Question

How do you sketch the graph `y=sqrt(1+x^2)` using the first and second derivatives?

Answer 1

`y=sqrt(1+x^2)=(1+x^2)^(1/2)`

Use the chain rule to differentiate:

`dy/dx=1/2(1+x^2)^(-1/2)d/dx(1+x^2)=x(1+x^2)^(-1/2)=x/sqrt(1+x^2)`

Using the product and chain rules:

`(d^2y)/dx^2=(1+x^2)^(-1/2)-1/2x(1+x^2)^(-3/2)(2x)`

`color(white)((d^2y)/dx^2)=(1+x^2)^(-1/2)-x^2(1+x^2)^(-3/2)`

`color(white)((d^2y)/dx^2)=1/(1+x^2)^(1/2)-x^2/(1+x^2)^(3/2)`

`color(white)((d^2y)/dx^2)=(1+x^2-x^2)/(1+x^2)^(3/2)`

`color(white)((d^2y)/dx^2)=1/(1+x^2)^(3/2)`

The domain of `y` is `x in RR`.

We see that `dy/dx=0` at `x=0`. When `x<0`, `dy/dx<0` and when `x>0`, `dy/dx>0`.

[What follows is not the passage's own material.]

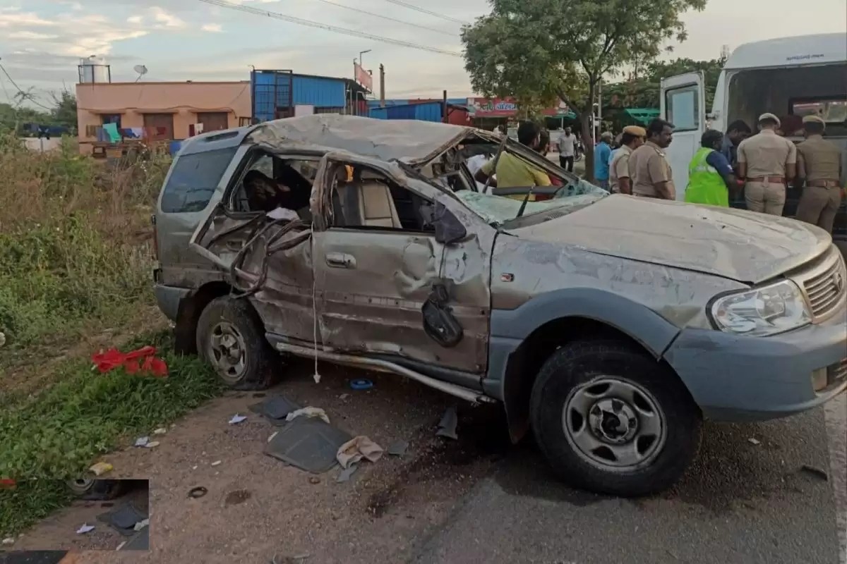 திண்டுக்கல் மாவட்டம் பழனி சேர்ந்தவர் கமலக்கண்ணன். இவர் மாவட்ட ஆட்சியர் அலுவலகத்தில் பணிபுரிந்து வந்துள்ளார். இவருக்கு லதா என்ற மனைவி உள்ளார். லதா வாலிபால் பயிற்சியாளராக பணியாற்றி வருகிறார்.இந்த சூழலில் கமலக்கண்ணன் தனது குடும்பத்தினருடன் திண்டுக்கலில் இருந்து சென்னைக்கு வந்து கொண்டிருந்தார். கார் மூலம் சாலை வழியாக பயணம் மேற்கொள்ளப்பட்டதில் லதாவின் அம்மா வேம்பு , லதாவின் அண்ணன் ராமச்சந்திரன், கமலக்கண்ணன் சித்தி மணிமேகலை ஆகியோரும் உடன் பயணித்தனர்.கமலக்கண்ணன் காரை ஓட்டி வந்த நிலையில் கார் திருச்சி சென்னை தேசிய நெடுஞ்சாலையில் பெரம்பலூர் அருகே உள்ள விஜயகோபலபுரம் பகுதியில் வந்து கொண்டிருந்தது அப்போது கட்டுப்பாட்டை இழந்த கார் சாலையில் இருந்த சென்டர் மீடியனில் மோதியது. இதனால் சுமார் 100 அடி தூரம் கார் உருண்டு சென்று விபத்துக்குள்ளாகியது. இந்த விபத்தில் கமலக்கண்ணன் அவரது மனைவி லதாவின் அம்மா ஆகியோர் சம்பவ இடத்திலேயே உயிரிழந்தனர். காயங்களுடன் லதாவின் அண்ணன் ராமச்சந்திரன், கமலக்கண்ணன் சித்தி மணிமேகலை ஆகியோர் பெரம்பலூர் அரசு மருத்துவமனையில் சிகிச்சைக்காக அனுமதித்துள்ளனர். இது குறித்து சம்பவ இடத்திற்கு தகவலறிந்து வந்த போலீசார் வழக்குப்பதிவு செய்து விசாரணை நடத்தி வருகின்றனர்.

The function is decreasing on `x<0`, levels out at `x=0`, and is increasing for `x>0`.

`(d^2y)/dx^2>0` for all Real values of `x`, so the function is always concave up.

We can also note that `y` itself has no Real zeros. For all Real values of `x`, `y>0`. The minimum value will then be at `x=0`, where `y=1`. Note that `lim_(xrarr-oo)y=lim_(xrarr+oo)y=+oo`.

The drawing of the graph should then look something like:

graph{sqrt(1+x^2) [-17.34, 18.7, -4.97, 13.05]}

The graph is always concave up, has a minimum at `(0,1)`, and switches from increasing to decreasing at `x=0`.